Xiangzhong "Jerry" Yang, 49

Scientist who cloned the first farm animal in the U.S.


Paul Zamecnik, 96

Scientist helped discover transfer RNA, a crucial molecule in the synthesis of proteins in the cell.


David "Jake" Jaquith, 58

EPA scientist whose work was instrumental in banning the nation's most widely used termite pesticide.


Eugene van Tamelen, 84

Stanford chemist who was a pioneer in determining the structure of complex natural molecules and then synthesizing them.

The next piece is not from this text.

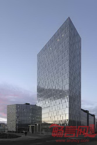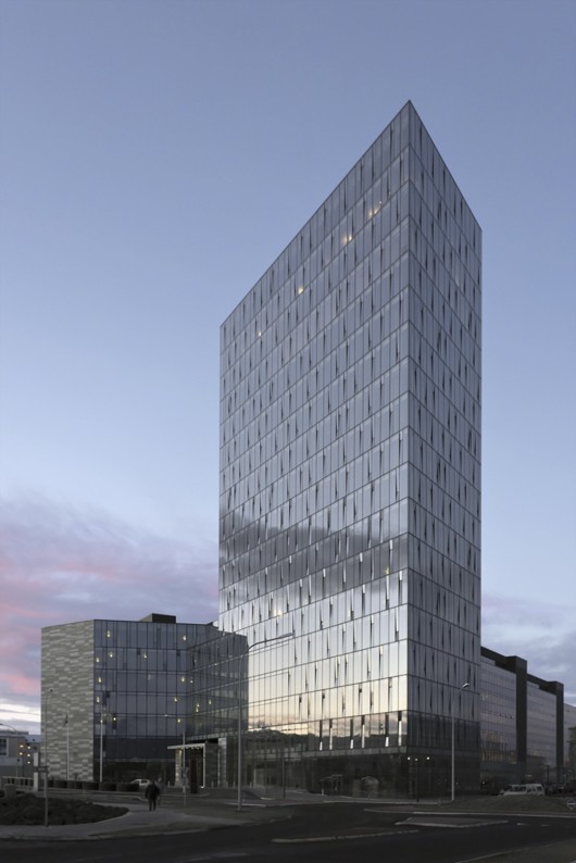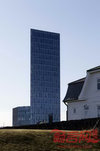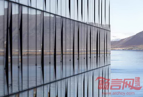 Turninn办公楼位于冰岛雷克雅未克,由PK建筑事务所设计。建筑面朝雷克雅未克海湾,遥望Esja山。占据城市天际线的不是低矮的建筑群,而是集合蓝色、白色和灰色的远方群山。以项目的高度和规模,建筑轻易地在城市环境中脱颖而出。设计师对建筑外立面细部处理倾注了谨慎的考虑。建筑包裹在独特的幕墙表皮中。外立面含有块面垂直玻璃孔洞凹陷,以貌似随意的形式出现在建筑表面中。项目采用1.5×3.5米的保固玻璃和可开槽玻璃板,帮助建筑自然地融入环境,同时有效降低了建筑尺度影响。

PYHSICSISTS AND MATHEMATICIANS

Aage Bohr, 87

Danish physicist and Nobel Prize winner whose father, Niels, also won a Nobel Prize


Dwight R. "Rocky" Crandell, 86

U.S. Geological Survey volcanologist who predicted Mt. St. Helens eruption.


Albert V. Crewe, 82

Physics professor who captured the first image of a single atom and later obtained the first images of atoms in motion.


Gerald H.F. Gardner, 83

A geophysicist and mathematician whose statistical research and expert testimony led to the U.S. Supreme Court decision that eliminated sex bias in newspaper want ads.


Israel Gelfand, 96

Russian mathematician laid the foundation for the imaging abilities of MRI and CT scanners.


Samuel M. Genensky, 81

Rand Corp. mathematician and inventor whose near-blindness led him to help others with limited sight.


Vitaly Ginzburg, 93

Nobel Prize-winning Russian physicist and one of the fathers of the Soviet hydrogen bomb.


Rajeev Motwani, 47

Computer scientist and Stanford University professor who developed new ways to search enormous databases and mentored the founders of Google.


Louis Rosen, 91

Los Alamos National Laboratory scientist who worked on the Manhattan Project and later created an influential neutron center at the facility.


George G. Shor Jr., 86

Scripps geophysicist whose study of the ocean floor helped lay the foundation for the theory of tectonic plates and continental drift.


Victor Vacquier Sr., 101

Geophysicist who developed key instruments for mapping the Earth's magnetic fields.


Herbert York, 87

Physicist in the development of the atomic bomb who later became an arms-control advocate and founding chancellor of UC San Diego.


SOCIAL SCIENTISTS

Harry Hurt, 81

USC professor of safety science and one of the world's foremost authorities on motorcycle crashes and their causes.


Stanley Lebergott, 91

American economist


Claude Levi-Strauss, 100

French philosopher widely considered the father of modern anthropology.


Maurizio Montalbini, 56

Italian sociologist lived in caves to study isolation.


Lee N. Robins, 87

Pioneer in the field of psychiatric epidemiology, which looks at the roots of abnormal behavior.


Mark Rosenzweig, 86

UC Berkeley psychologist was pioneer in research on the brain


Paul Samuelson, 94

First American to win a Nobel prize in economics


SPACE AND ENGINEERING

Robert B. Choate, 84

Engineer-turned-consumer advocate whose campaign against sugary cereals led manufacturers to disclose and improve the nutritional value of their products.


Jack Cover, 88

Aerospace scientist invented Taser stun gun.


Konrad Dannenberg, 96

German rocket scientist helped design the Saturn V and V-2 rockets.


Konstantin Feoktistov, 83

Spacecraft designer and cosmonaut.


Eilene M. Galloway, 102

Library of Congress expert on space law and policy who helped shape legislation creating NASA.


Paul Haney, 80

"Voice" of manned space flight for NASA's Gemini and Apollo programs.


Hans W. Liepmann, 94

Longtime Caltech physics professor and researcher who specialized in aerodynamics and fluid mechanics.


Frank J. Low, 75

Scientist developed sensors for infrared astronomy.


Brian Mason, 92

Smithsonian geochemist was the first to discover that a rock found in Antarctica came from the moon.


John F. Mitchell, 81

Helped engineer the technology that paved the way for the world's first cellular phone during a 45-year career at Motorola, where he was president from 1980 to 1995.


Venetia Phair, 90

As a girl she suggested Pluto as planet's name.


Francis Rogallo, 97

Aeronautical engineer considered the father of modern hang gliding for inventing a flexible wing in 1948.


Richard Whitcomb, 88

Aeronautical innovations help airplanes fly farther and faster using less fuel.


Qian Xuesen, 98

Rocket scientist helped establish JPL at Caltech but was deported on suspicion of being a Communist.